Question

Sunshine High School claims that 72% of its students complete their homework on a daily basis. Ms. Carter surveyed 80 students and found that only 60% complete their daily homework. What does the test statistic calculation look like in this situation for an appropriate hypothesis test

Answer 1

`z=\frac{0.60 -0.72}{\sqrt{(0.72(1-0.72))/(80)}}=-2.39`

Explanation:

Data given and notation

n=80 represent the random sample taken

`\hat p=0.6` estimated proportion of interest

`p_o=0.72` is the value that we want to test

`\alpha` represent the significance level

z would represent the statistic (variable of interest)

`p_v` represent the p value (variable of interest)
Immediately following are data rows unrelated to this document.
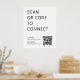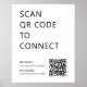 Um simples poster branco "SCAN QR CODE TO PARA CONECTAR". Basta digitalizar o código QR com seu smartphone para ser levado à página de mídia social, site da comunidade ou plataforma de rede desejada. Este poster é perfeito para eventos, reuniões, grupos, organizações e negócios. É também uma forma excelente de fornecer aos seus clientes acesso gratuito a Wi-Fi.
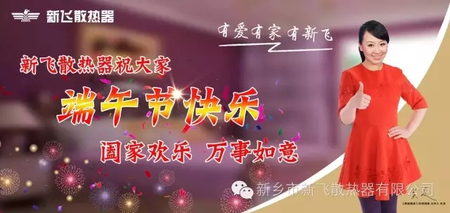 端午節和春節、中秋節一樣成為中國的代名詞,我們每一位新飛伙伴也是新飛散熱器自己的代言人,新飛散熱器有限公司董事長潘紹峰先生攜新飛全體員工祝愿新飛伙伴們生意紅火,端午快樂!
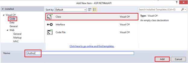 Let’s try to create something more interesting, in this article I'm going with only Get() method. I need to create a model class. So just go to Models folder in the solution and right click on it and choose a New Item.
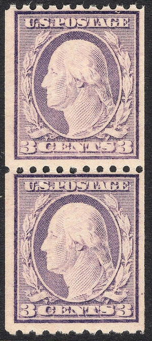 | #489 F-VF MNH OG 3c WASHINGTON TYPE I COIL PAIR!! Scott #489 F-VF MNH OG coil pair of Washington coil issue Type I variety on unwatermarked paper.
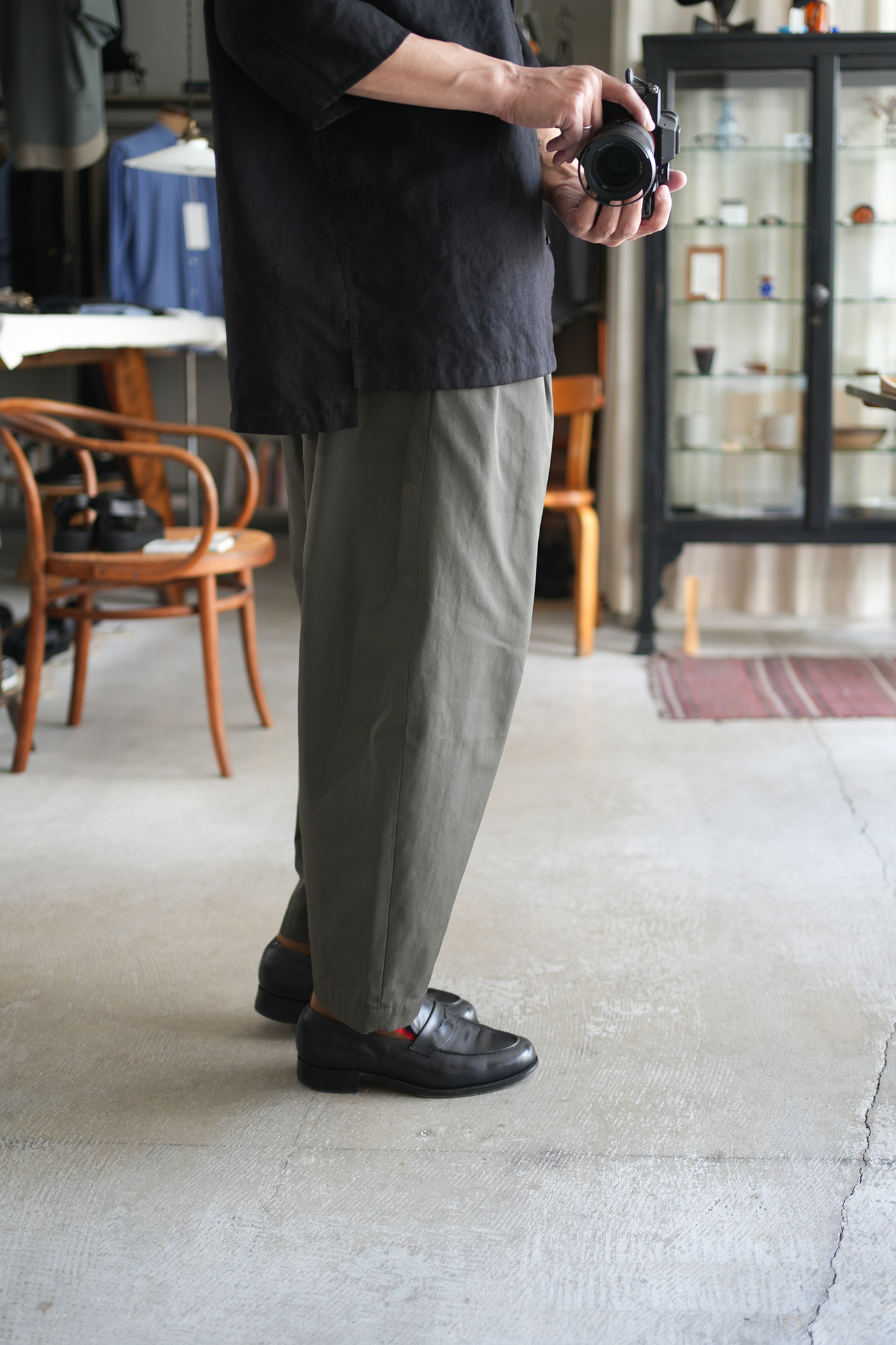 ポリエステル・コットンの綾織チノクロス生地、コットン100%生地と比べ軽量で丈夫、安定感のある扱いやすい生地です。しっかりとした生地厚ながら軽く穿き心地良し。丸みにあるテーパードシルエットパンツ、ワンタック、フルレングス。
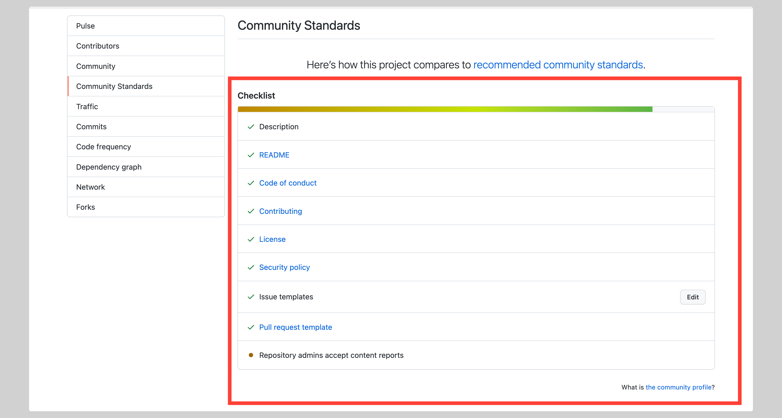 Setting up things like a LICENSE, a Code of Conduct, contributing guidelines, and other community standards in the Community Standards section of a repository is a great way to demonstrate and ensure that a project has clear guidelines for communication and promotes inclusivity. Additionally, setting up issue templates allows issue and bug reporters, as well as contributors, to provide a well-structured format for explaining issues. This can help save time for both the reporters and the developers, and ensure that issues are addressed effectively.

Concepts and formulas to use

We need to conduct a hypothesis in order to test the claim that the true proportion is equal to 0.72 or no.:

Null hypothesis:
`p=0.72`

Alternative hypothesis:
`p \\eq 0.72`

When we conduct a proportion test we need to use the z statistic, and the is given by:

`z=\frac{\hat p -p_o}{\sqrt{(p_o (1-p_o))/(n)}}` (1)

The One-Sample Proportion Test is used to assess whether a population proportion
`\hat p` is significantly different from a hypothesized value
`p_o`.

Calculate the statistic

Since we have all the info required we can replace in formula (1) like this:

`z=\frac{0.60 -0.72}{\sqrt{(0.72(1-0.72))/(80)}}=-2.39`